Top of RECORDS FOR THIS EXERCISE

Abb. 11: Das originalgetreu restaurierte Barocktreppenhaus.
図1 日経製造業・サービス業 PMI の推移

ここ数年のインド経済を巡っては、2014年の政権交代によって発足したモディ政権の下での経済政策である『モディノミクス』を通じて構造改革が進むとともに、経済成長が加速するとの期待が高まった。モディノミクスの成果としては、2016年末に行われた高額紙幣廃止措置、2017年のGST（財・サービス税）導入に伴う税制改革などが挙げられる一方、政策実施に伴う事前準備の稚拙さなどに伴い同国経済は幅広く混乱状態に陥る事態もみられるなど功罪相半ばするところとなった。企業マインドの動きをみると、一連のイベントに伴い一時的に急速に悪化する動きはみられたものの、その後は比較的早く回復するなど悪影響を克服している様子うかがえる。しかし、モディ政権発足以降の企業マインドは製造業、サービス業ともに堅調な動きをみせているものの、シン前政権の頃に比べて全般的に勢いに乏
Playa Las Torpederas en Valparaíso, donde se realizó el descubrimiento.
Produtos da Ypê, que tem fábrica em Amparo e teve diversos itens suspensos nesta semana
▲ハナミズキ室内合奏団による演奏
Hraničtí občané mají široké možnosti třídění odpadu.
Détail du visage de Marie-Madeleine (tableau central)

Bottom of RECORDS FOR THIS EXERCISE
Top of RECORDS FOR THIS EXERCISE

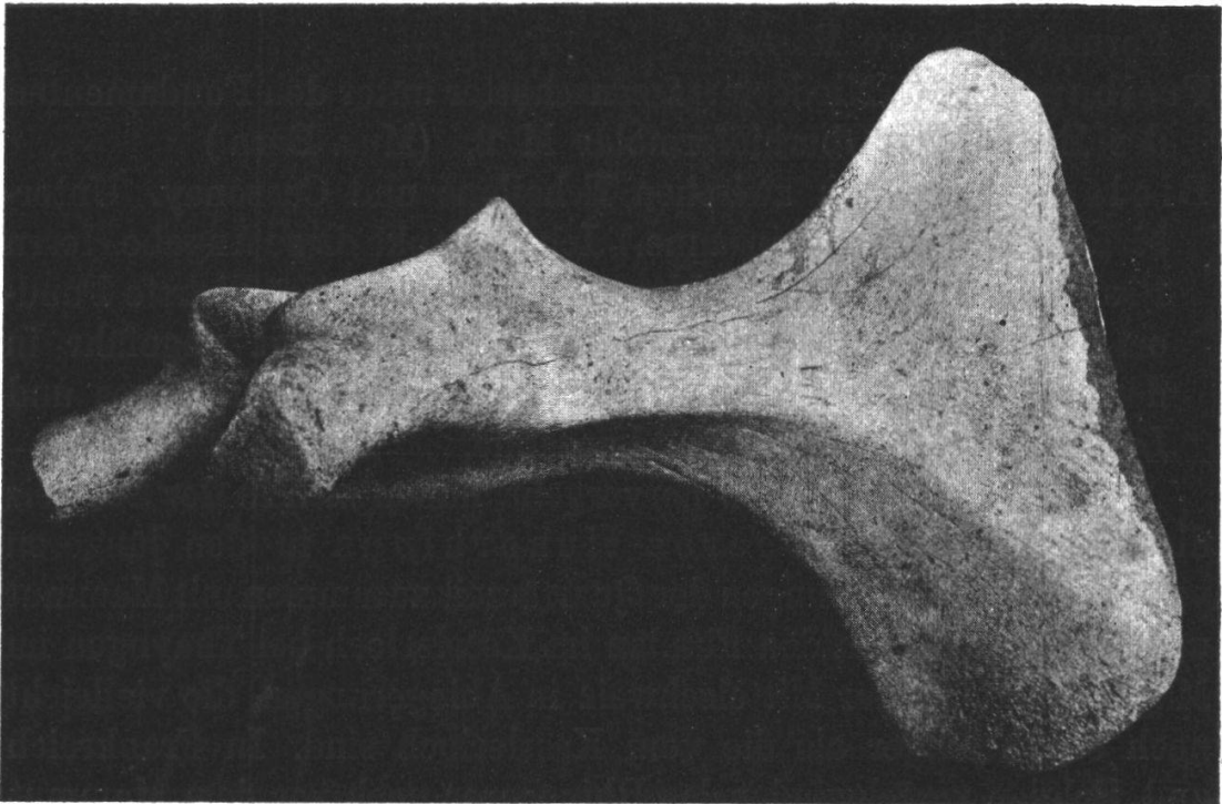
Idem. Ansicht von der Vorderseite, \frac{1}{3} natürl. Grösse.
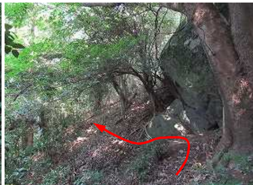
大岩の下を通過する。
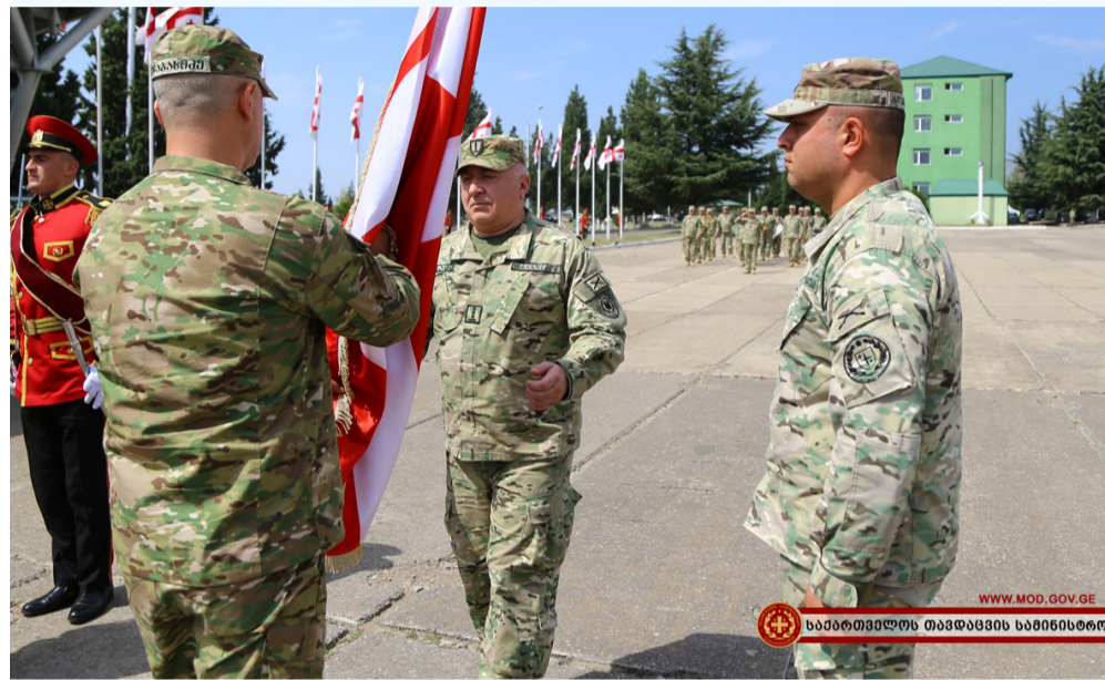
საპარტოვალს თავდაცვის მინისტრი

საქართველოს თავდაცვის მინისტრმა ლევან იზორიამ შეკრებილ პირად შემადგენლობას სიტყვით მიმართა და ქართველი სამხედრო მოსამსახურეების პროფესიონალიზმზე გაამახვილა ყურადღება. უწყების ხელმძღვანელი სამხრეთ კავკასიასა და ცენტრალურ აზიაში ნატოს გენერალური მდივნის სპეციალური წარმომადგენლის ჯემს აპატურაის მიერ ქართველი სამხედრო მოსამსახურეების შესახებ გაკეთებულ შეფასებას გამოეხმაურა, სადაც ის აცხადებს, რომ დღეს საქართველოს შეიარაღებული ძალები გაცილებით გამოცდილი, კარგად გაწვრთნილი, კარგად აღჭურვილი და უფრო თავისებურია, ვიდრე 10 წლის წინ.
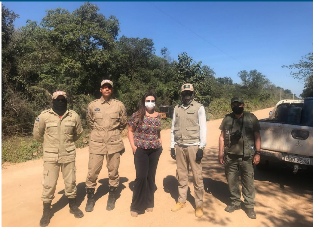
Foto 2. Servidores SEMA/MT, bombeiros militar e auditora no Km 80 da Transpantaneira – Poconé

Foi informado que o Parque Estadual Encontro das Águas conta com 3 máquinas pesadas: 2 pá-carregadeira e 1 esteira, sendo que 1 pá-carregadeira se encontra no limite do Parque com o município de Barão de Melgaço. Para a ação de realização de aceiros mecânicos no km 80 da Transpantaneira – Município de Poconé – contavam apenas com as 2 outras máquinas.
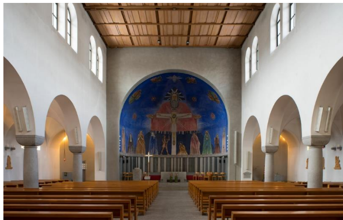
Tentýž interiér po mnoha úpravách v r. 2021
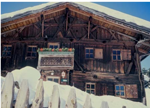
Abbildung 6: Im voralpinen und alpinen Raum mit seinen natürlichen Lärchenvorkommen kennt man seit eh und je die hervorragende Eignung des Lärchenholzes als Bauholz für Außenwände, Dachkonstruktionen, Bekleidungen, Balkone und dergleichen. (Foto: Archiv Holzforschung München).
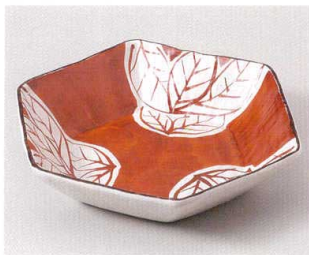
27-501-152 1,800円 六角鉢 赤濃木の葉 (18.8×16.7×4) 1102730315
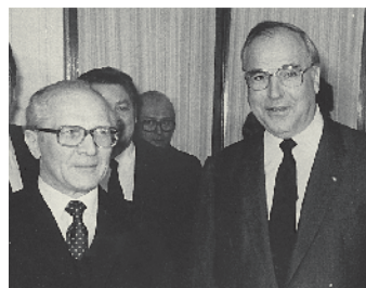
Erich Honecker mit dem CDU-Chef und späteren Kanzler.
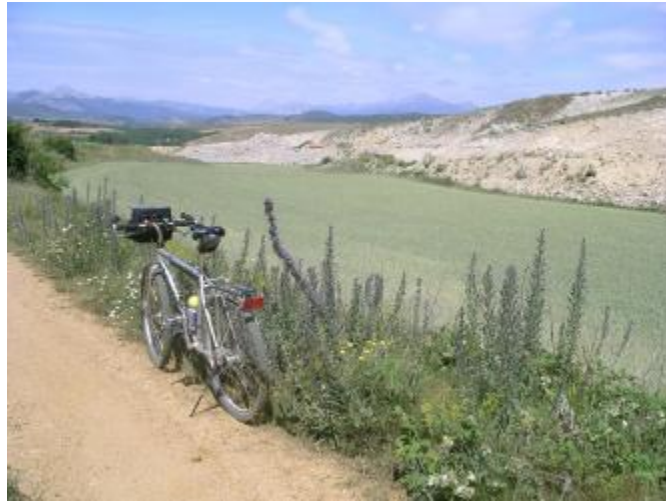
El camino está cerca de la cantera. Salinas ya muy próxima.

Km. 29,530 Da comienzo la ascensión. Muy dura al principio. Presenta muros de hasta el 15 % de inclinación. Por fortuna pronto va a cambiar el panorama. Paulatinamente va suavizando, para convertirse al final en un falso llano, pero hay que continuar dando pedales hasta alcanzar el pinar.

Bottom of RECORDS FOR THIS EXERCISE

Within the listing above, give again exactly every line from the line with "Abb. 11: Das" through the line with "Détail du visage", both included, and no other line.

Abb. 11: Das originalgetreu restaurierte Barocktreppenhaus.
図1 日経製造業・サービス業 PMI の推移

ここ数年のインド経済を巡っては、2014年の政権交代によって発足したモディ政権の下での経済政策である『モディノミクス』を通じて構造改革が進むとともに、経済成長が加速するとの期待が高まった。モディノミクスの成果としては、2016年末に行われた高額紙幣廃止措置、2017年のGST（財・サービス税）導入に伴う税制改革などが挙げられる一方、政策実施に伴う事前準備の稚拙さなどに伴い同国経済は幅広く混乱状態に陥る事態もみられるなど功罪相半ばするところとなった。企業マインドの動きをみると、一連のイベントに伴い一時的に急速に悪化する動きはみられたものの、その後は比較的早く回復するなど悪影響を克服している様子うかがえる。しかし、モディ政権発足以降の企業マインドは製造業、サービス業ともに堅調な動きをみせているものの、シン前政権の頃に比べて全般的に勢いに乏
Playa Las Torpederas en Valparaíso, donde se realizó el descubrimiento.
Produtos da Ypê, que tem fábrica em Amparo e teve diversos itens suspensos nesta semana
▲ハナミズキ室内合奏団による演奏
Hraničtí občané mají široké možnosti třídění odpadu.
Détail du visage de Marie-Madeleine (tableau central)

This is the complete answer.